--- Supplied records ---

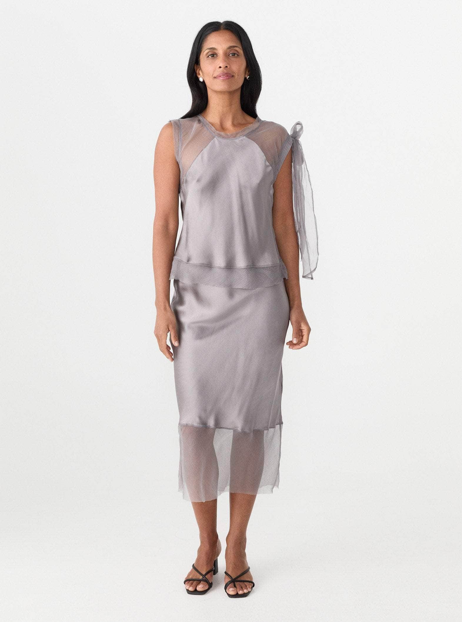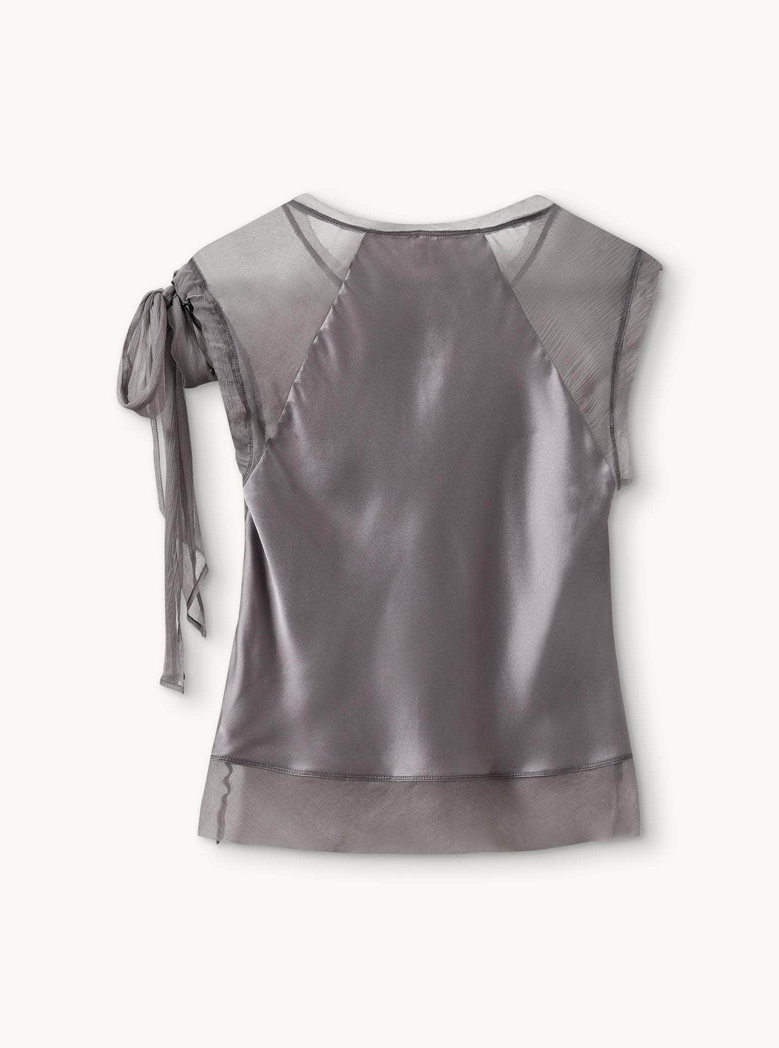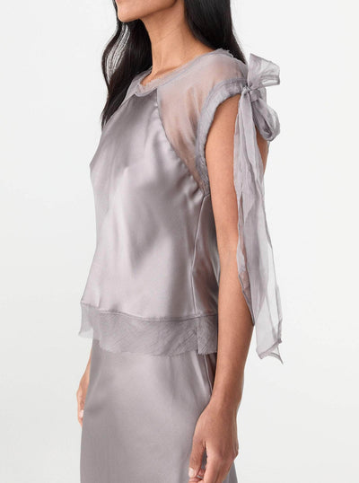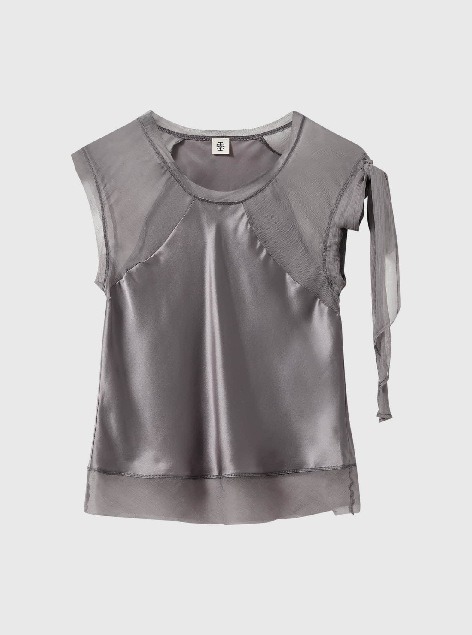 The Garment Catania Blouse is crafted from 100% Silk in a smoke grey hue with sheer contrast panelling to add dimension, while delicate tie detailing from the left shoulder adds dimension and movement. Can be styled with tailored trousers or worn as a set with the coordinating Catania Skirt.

---
--- Supplied records ---

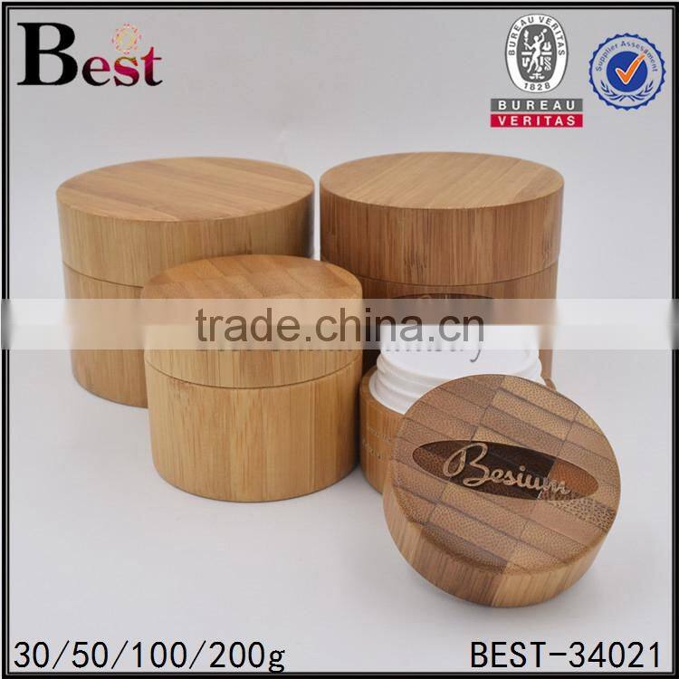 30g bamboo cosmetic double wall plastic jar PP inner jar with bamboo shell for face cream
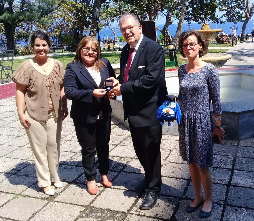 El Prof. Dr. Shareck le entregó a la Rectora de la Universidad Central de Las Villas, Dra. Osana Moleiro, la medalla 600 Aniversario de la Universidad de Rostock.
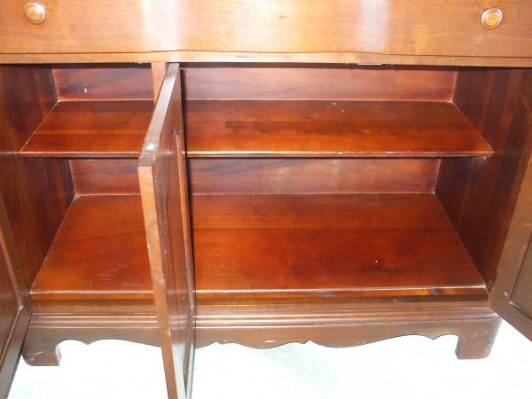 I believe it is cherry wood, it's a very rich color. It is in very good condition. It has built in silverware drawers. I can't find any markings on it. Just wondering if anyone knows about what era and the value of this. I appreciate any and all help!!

---
--- Supplied records ---

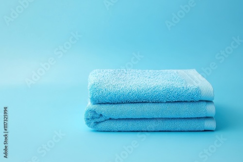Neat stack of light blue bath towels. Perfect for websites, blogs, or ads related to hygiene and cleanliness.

---

- **Exercise objective**: The lines above starting at the one that holds "30g bamboo cosmetic" and ending at the one that holds "I believe it" are to be written out exactly, ends included, and no pictures are to be copied.

- **Exercise answer**:
 30g bamboo cosmetic double wall plastic jar PP inner jar with bamboo shell for face cream
 El Prof. Dr. Shareck le entregó a la Rectora de la Universidad Central de Las Villas, Dra. Osana Moleiro, la medalla 600 Aniversario de la Universidad de Rostock.
 I believe it is cherry wood, it's a very rich color. It is in very good condition. It has built in silverware drawers. I can't find any markings on it. Just wondering if anyone knows about what era and the value of this. I appreciate any and all help!!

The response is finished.